Provided records:

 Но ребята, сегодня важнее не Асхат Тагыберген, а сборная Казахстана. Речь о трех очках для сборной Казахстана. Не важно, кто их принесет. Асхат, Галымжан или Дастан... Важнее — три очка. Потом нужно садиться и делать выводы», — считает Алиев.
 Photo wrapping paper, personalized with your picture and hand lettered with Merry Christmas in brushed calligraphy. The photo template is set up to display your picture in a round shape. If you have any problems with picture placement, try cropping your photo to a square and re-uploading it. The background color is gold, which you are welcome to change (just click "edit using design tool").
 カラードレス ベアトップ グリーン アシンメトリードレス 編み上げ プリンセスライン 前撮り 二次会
==
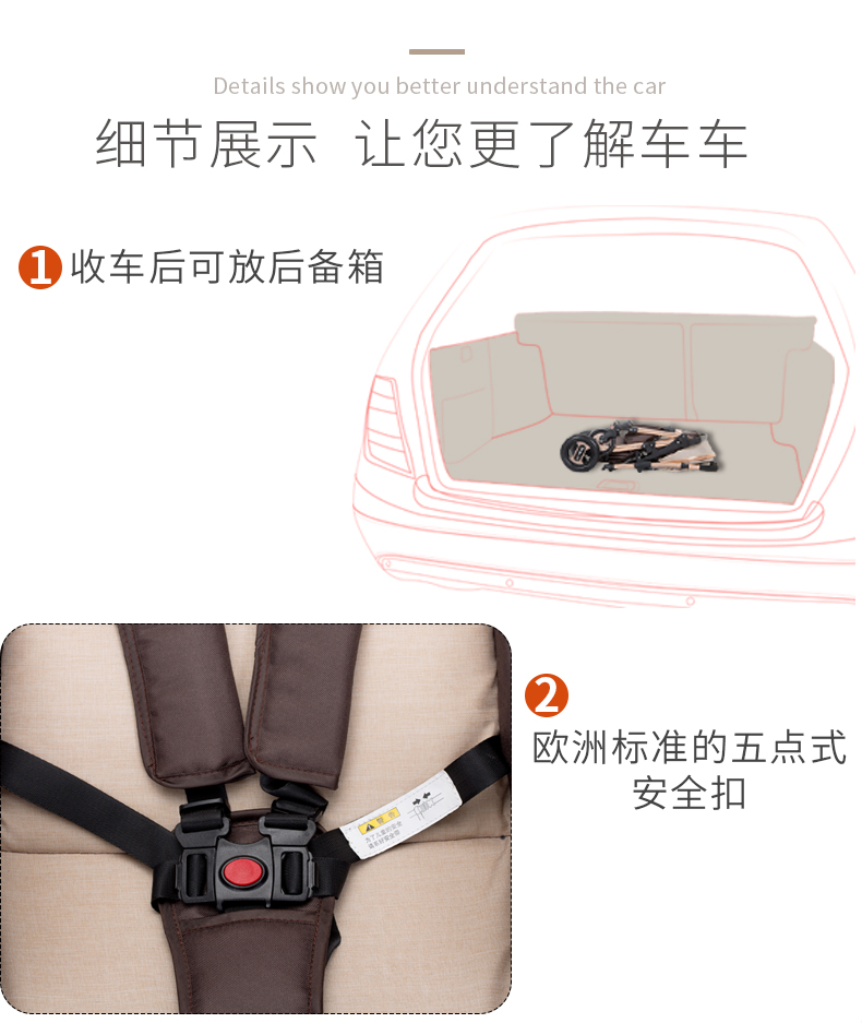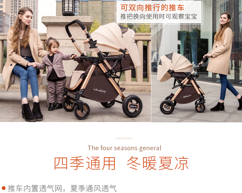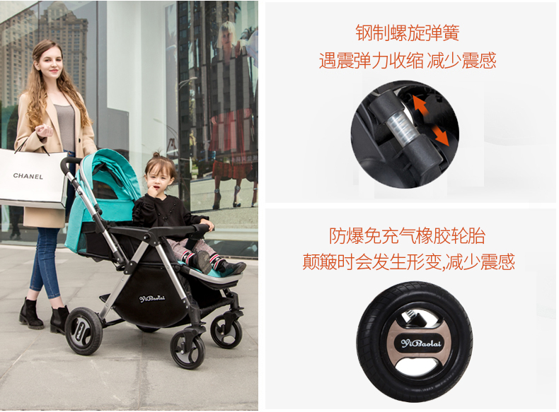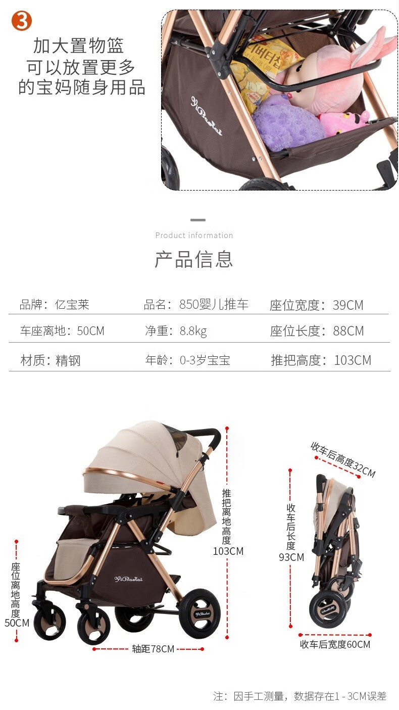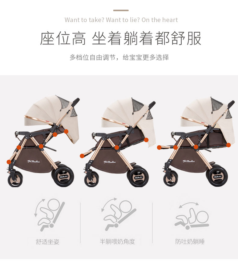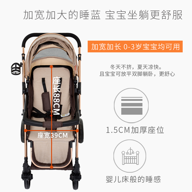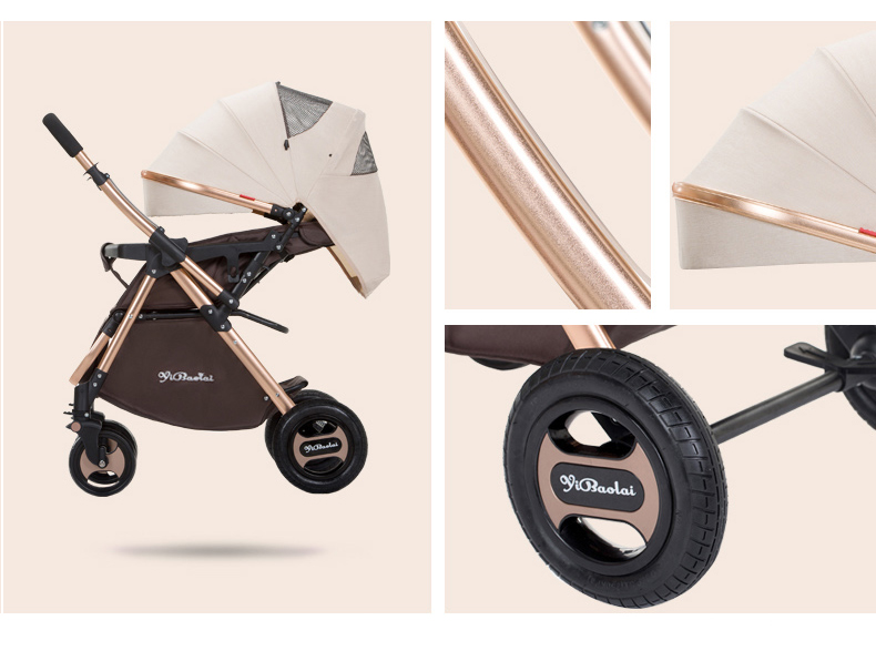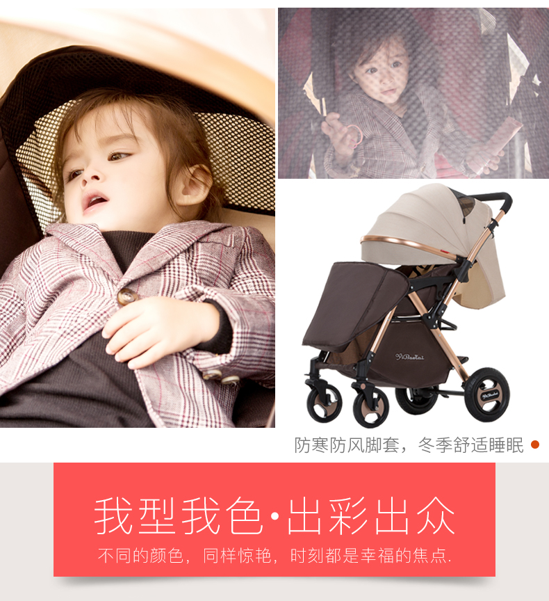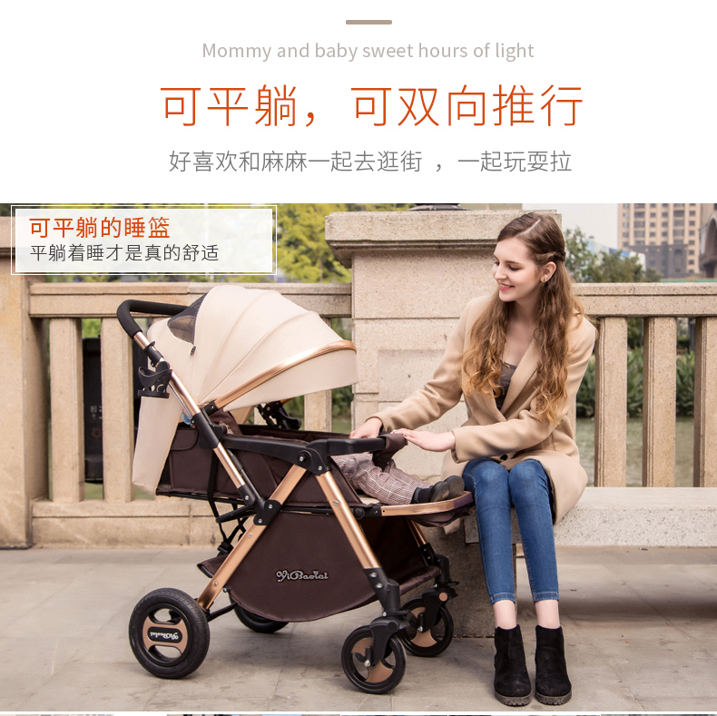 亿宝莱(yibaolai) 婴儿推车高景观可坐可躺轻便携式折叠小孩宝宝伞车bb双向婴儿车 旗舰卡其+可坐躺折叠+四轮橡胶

Task brief: From the records above, extract exactly and only the lines that begin at the line with "Но ребята, сегодня" and stop after the line with "カラードレス ベアトップ グリーン".

Result below:
 Но ребята, сегодня важнее не Асхат Тагыберген, а сборная Казахстана. Речь о трех очках для сборной Казахстана. Не важно, кто их принесет. Асхат, Галымжан или Дастан... Важнее — три очка. Потом нужно садиться и делать выводы», — считает Алиев.
 Photo wrapping paper, personalized with your picture and hand lettered with Merry Christmas in brushed calligraphy. The photo template is set up to display your picture in a round shape. If you have any problems with picture placement, try cropping your photo to a square and re-uploading it. The background color is gold, which you are welcome to change (just click "edit using design tool").
 カラードレス ベアトップ グリーン アシンメトリードレス 編み上げ プリンセスライン 前撮り 二次会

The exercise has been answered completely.